The task
Pictures should be omitted; restate word for word the lines from the one holding "Resmî Gazete’de yayınlanan" through the last line of the entries below.

Provided material
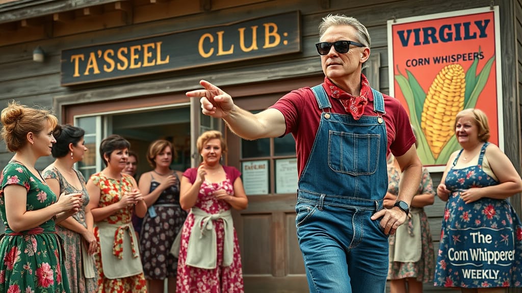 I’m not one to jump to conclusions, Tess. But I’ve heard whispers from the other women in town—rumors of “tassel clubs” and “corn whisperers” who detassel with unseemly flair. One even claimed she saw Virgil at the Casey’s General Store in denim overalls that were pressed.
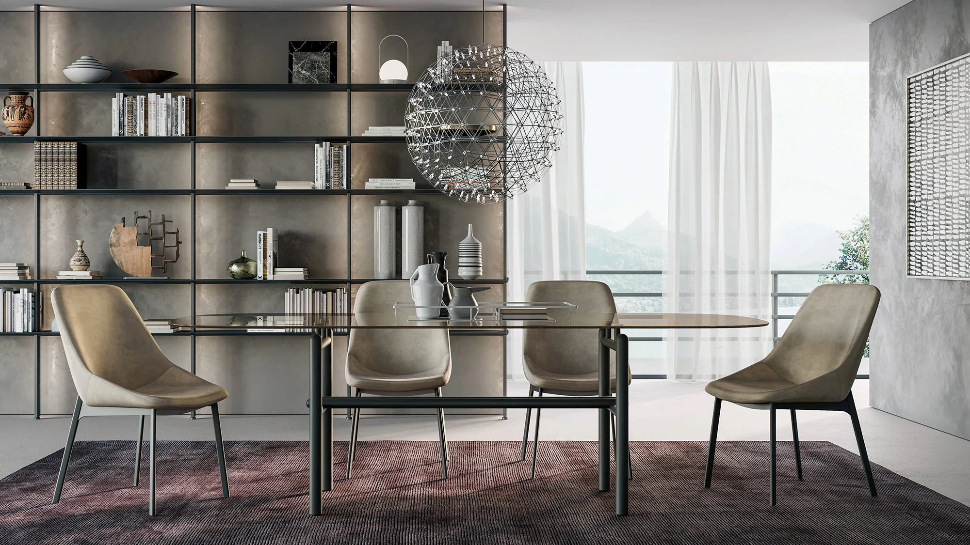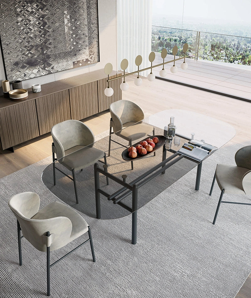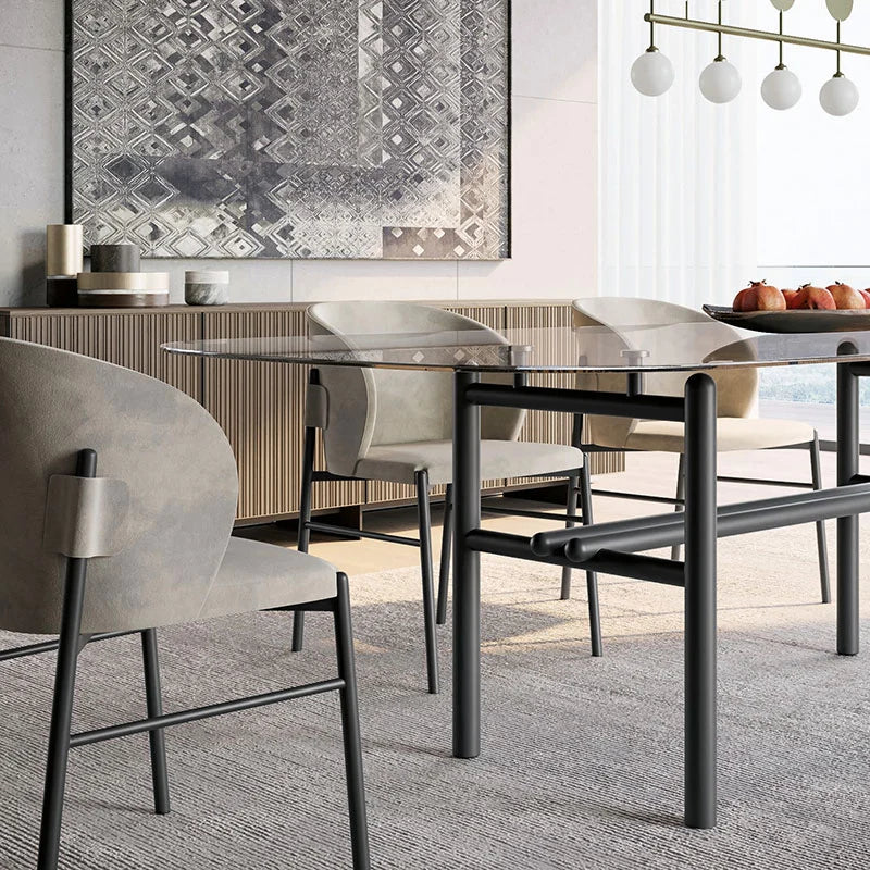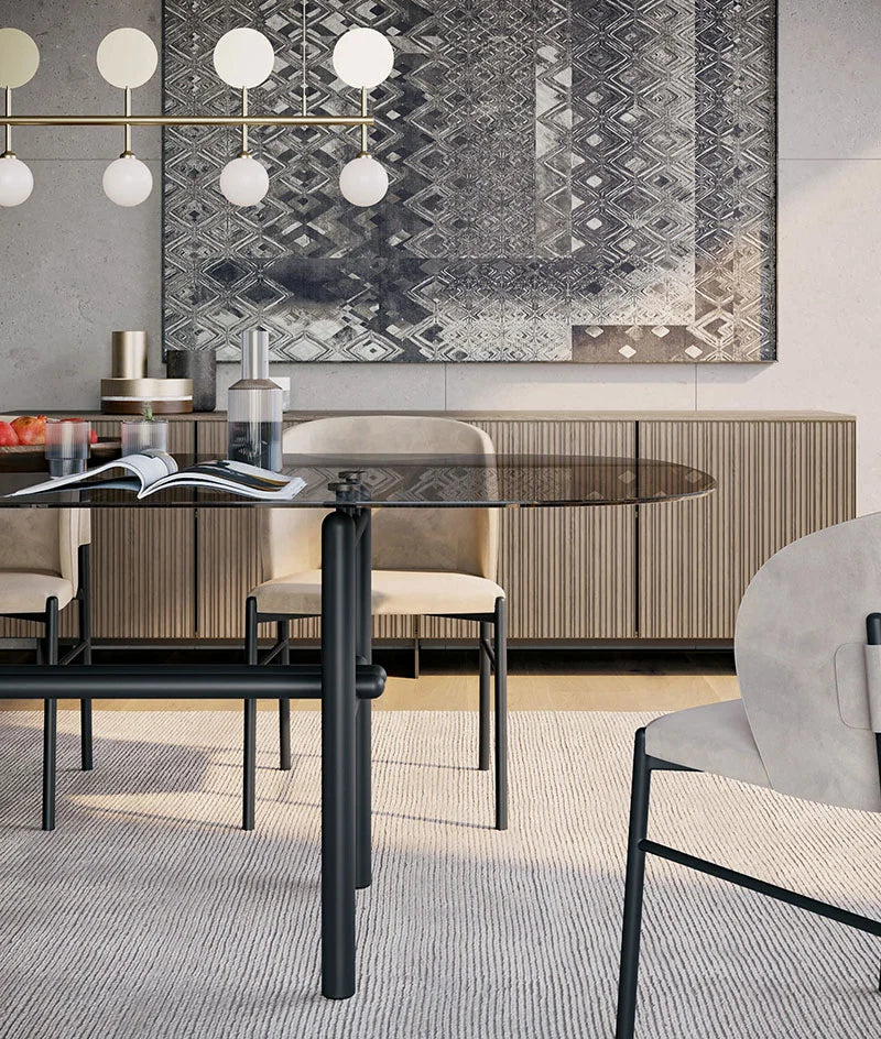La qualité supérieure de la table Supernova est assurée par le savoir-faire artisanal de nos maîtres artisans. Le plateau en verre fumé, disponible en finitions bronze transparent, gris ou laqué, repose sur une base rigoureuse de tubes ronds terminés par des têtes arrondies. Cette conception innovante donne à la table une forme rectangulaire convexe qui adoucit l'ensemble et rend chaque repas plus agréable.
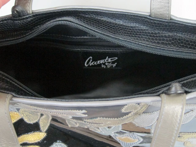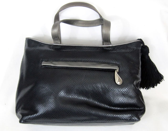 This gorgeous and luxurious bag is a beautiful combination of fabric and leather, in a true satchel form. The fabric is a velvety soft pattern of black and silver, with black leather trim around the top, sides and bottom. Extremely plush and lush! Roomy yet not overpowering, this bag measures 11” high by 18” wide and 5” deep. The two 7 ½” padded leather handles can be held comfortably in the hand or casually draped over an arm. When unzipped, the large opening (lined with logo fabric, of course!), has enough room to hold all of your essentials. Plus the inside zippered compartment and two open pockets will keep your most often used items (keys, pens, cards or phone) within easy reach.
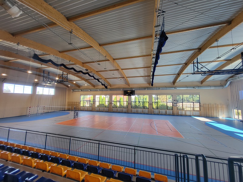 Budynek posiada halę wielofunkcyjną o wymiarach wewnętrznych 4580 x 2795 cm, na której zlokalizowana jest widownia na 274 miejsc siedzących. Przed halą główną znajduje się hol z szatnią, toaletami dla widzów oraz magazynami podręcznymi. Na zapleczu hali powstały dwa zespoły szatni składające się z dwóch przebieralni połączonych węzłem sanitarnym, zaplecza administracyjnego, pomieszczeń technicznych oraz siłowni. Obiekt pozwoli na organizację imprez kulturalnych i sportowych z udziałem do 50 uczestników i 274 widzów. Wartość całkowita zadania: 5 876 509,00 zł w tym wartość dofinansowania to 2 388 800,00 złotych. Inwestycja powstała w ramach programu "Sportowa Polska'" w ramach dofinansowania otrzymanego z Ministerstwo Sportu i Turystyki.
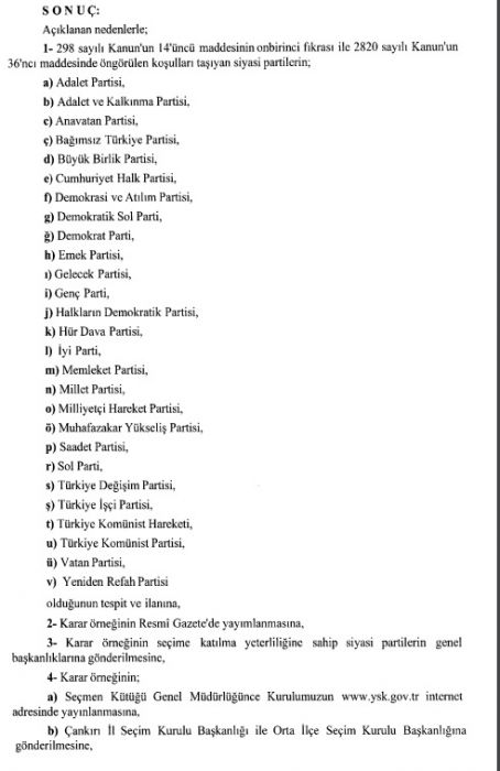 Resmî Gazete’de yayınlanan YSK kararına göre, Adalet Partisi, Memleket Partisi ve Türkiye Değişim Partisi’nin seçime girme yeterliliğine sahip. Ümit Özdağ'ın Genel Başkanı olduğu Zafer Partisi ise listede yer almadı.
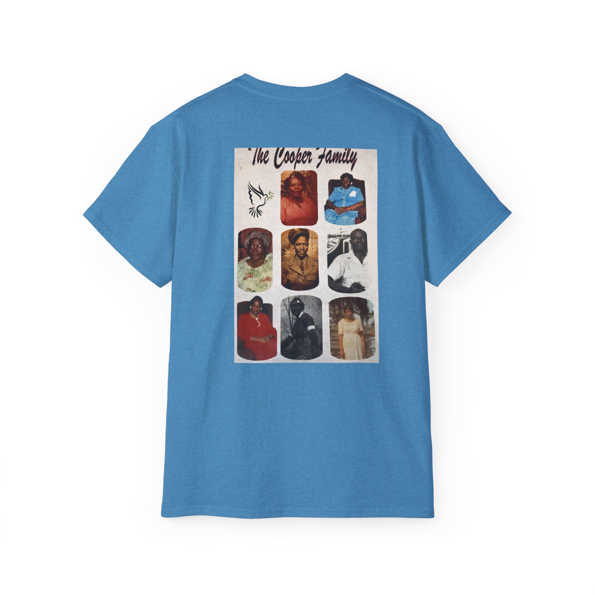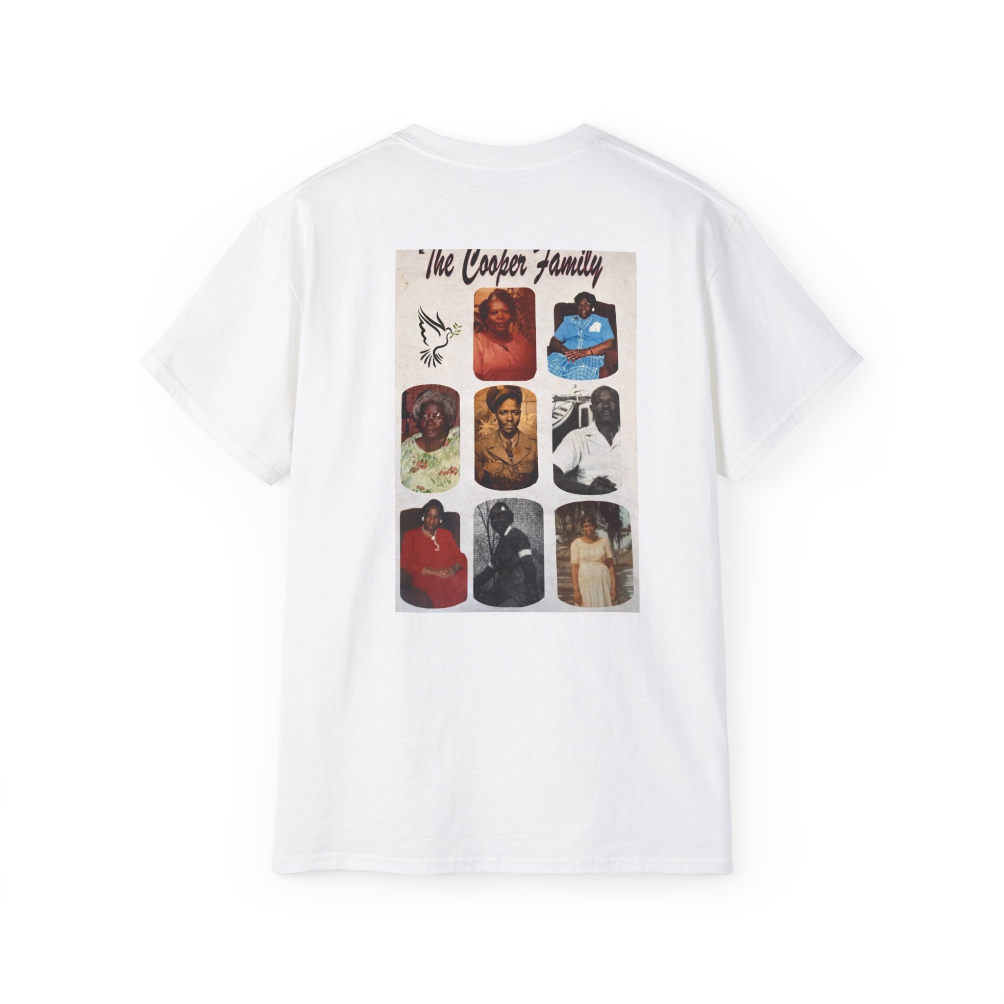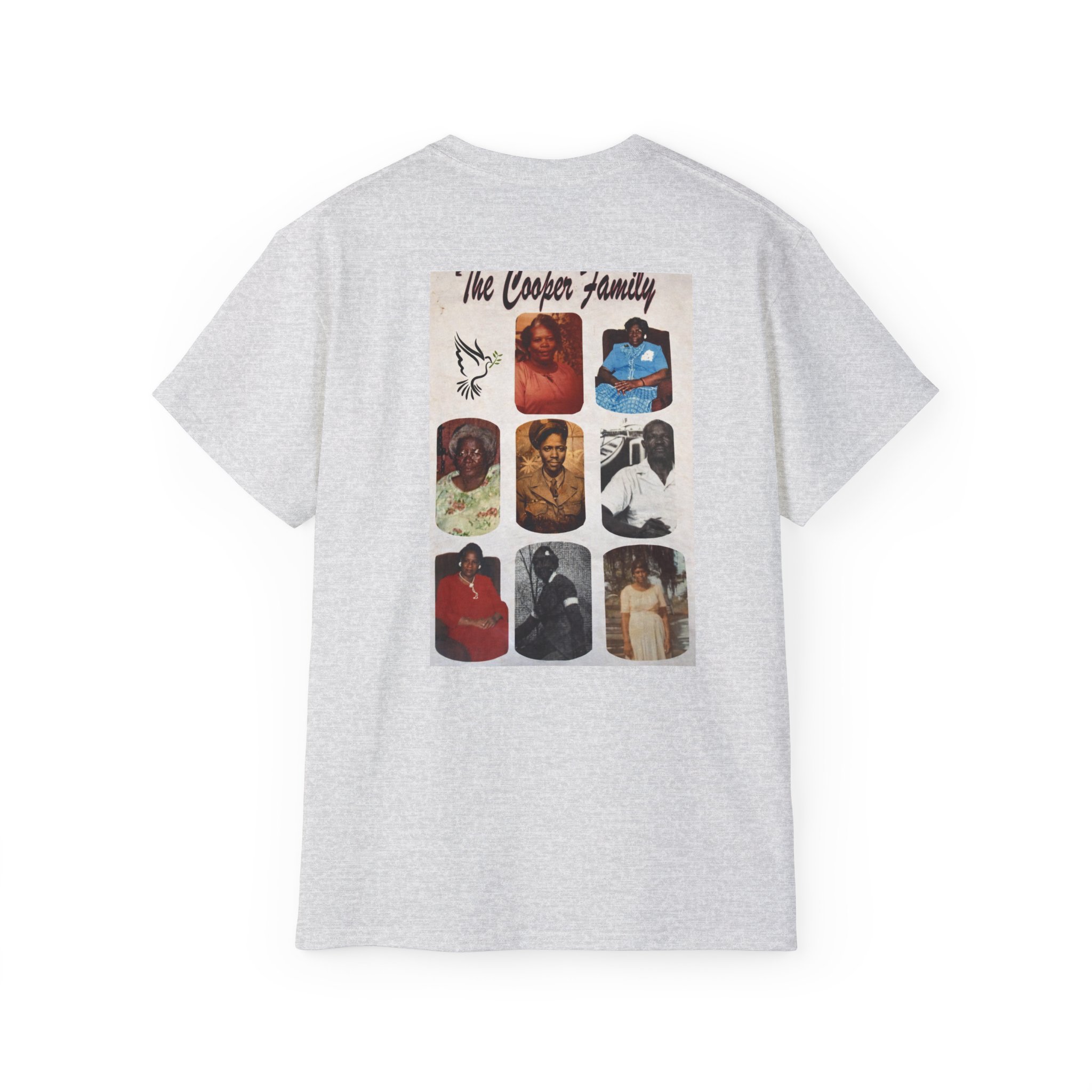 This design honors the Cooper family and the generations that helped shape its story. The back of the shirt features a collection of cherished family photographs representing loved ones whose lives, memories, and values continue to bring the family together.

Result of this exercise
 Resmî Gazete’de yayınlanan YSK kararına göre, Adalet Partisi, Memleket Partisi ve Türkiye Değişim Partisi’nin seçime girme yeterliliğine sahip. Ümit Özdağ'ın Genel Başkanı olduğu Zafer Partisi ise listede yer almadı.
 This design honors the Cooper family and the generations that helped shape its story. The back of the shirt features a collection of cherished family photographs representing loved ones whose lives, memories, and values continue to bring the family together.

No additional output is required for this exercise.